Luke hugged him back, the irritation subsiding as he absorbed the smell of motor oil and leather and soap that clung to his brother’s standard uniform of battered jeans, T-shirt and biker jacket.

Standing back, Jack gripped Luke’s shoulders. ‘Good to see you, too, big bro,’ he said, still smiling that killer smile, then signalled to the bartender.

Luke sat, fighting the dumb lump of something closing his throat.

Jack was a pain in the butt, he always had been, and after this afternoon he probably wouldn’t see him again for another year, because his brother was currently drifting his way through Europe doing odd jobs, as far as he knew.
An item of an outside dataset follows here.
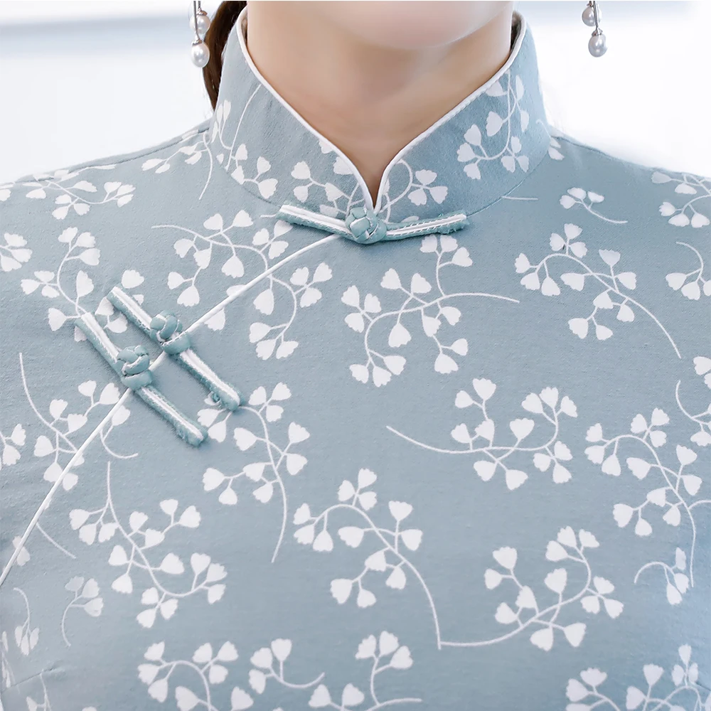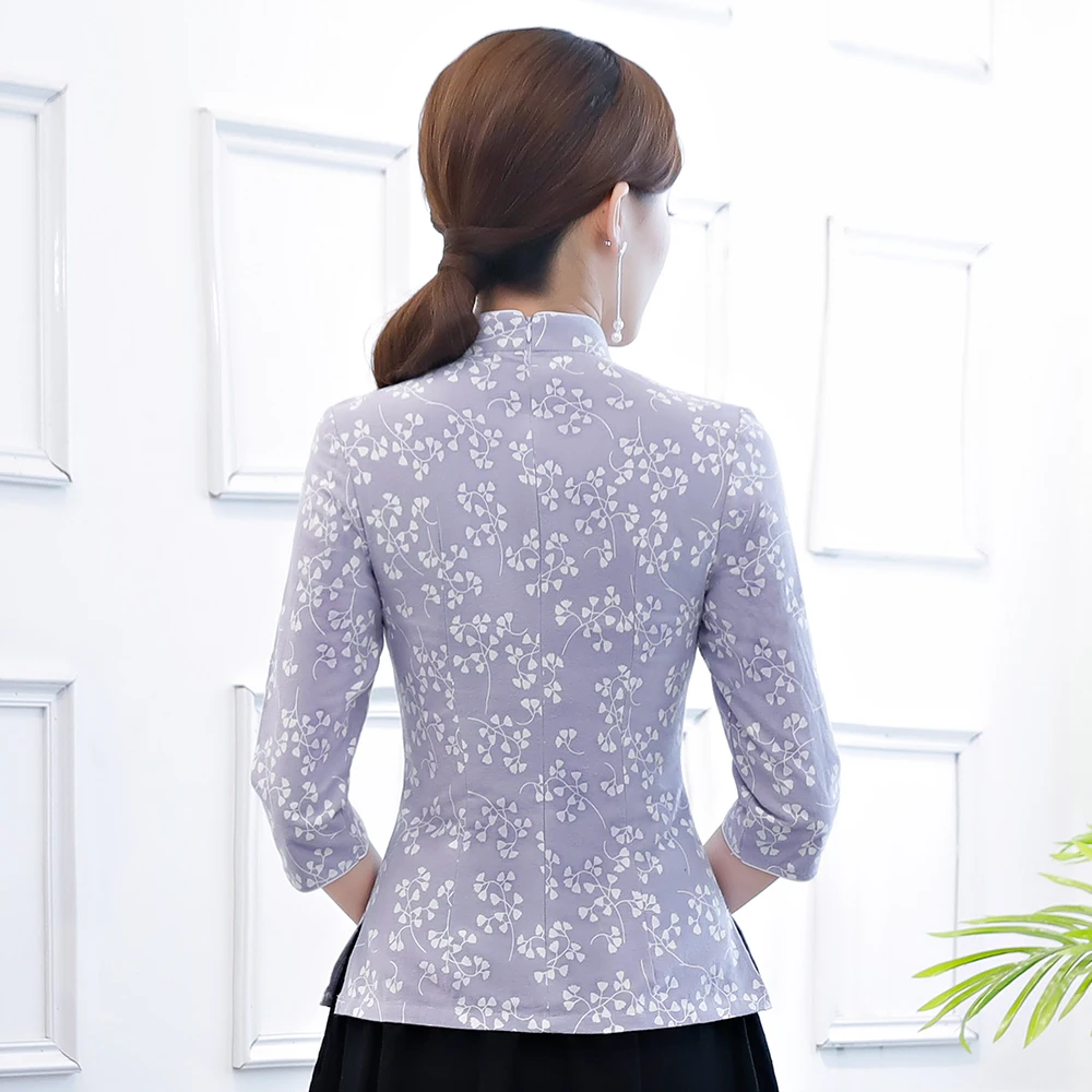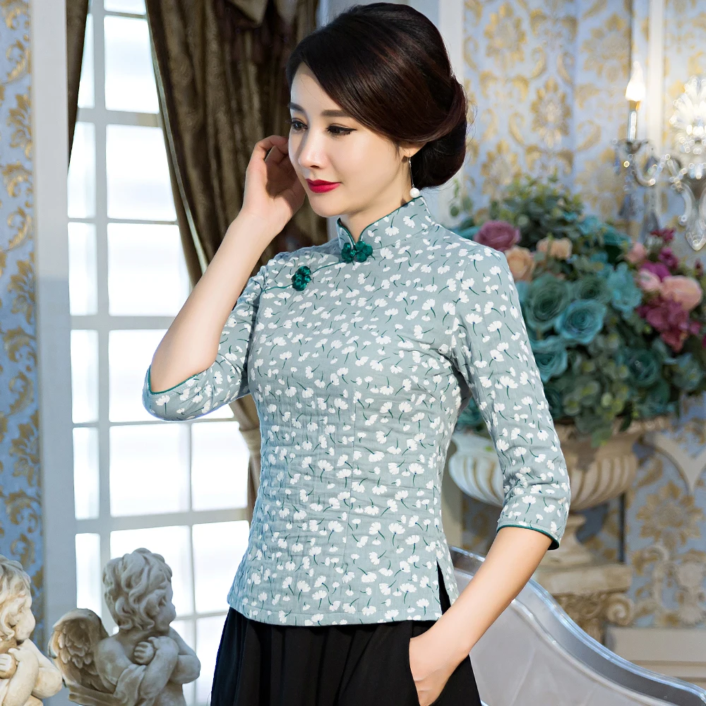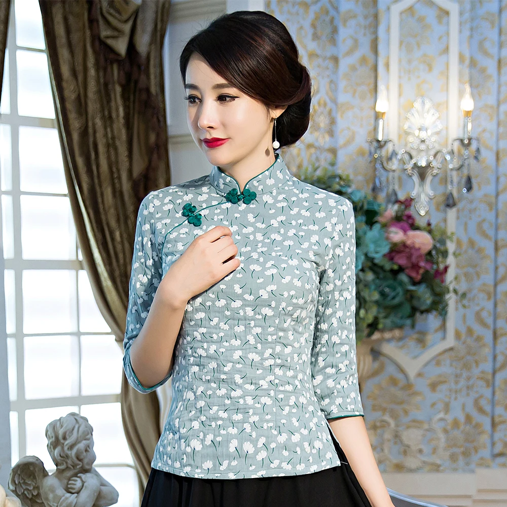 Женская Винтажная Футболка-Ципао с воротником-стойкой, размеры до 3XL

‘What you having?’ Jack asked, as if the last time they’d seen each other had been a week ago, instead of close to twelve months by Luke’s count.

The barmaid, who’d been super surly when Luke had walked in forty-five minutes ago, hurried over to take Jack’s order as if someone had lit a fire under her butt.

Funny that. But then, Jack tended to have that effect on women. The more laid-back he was, the more attentive they became.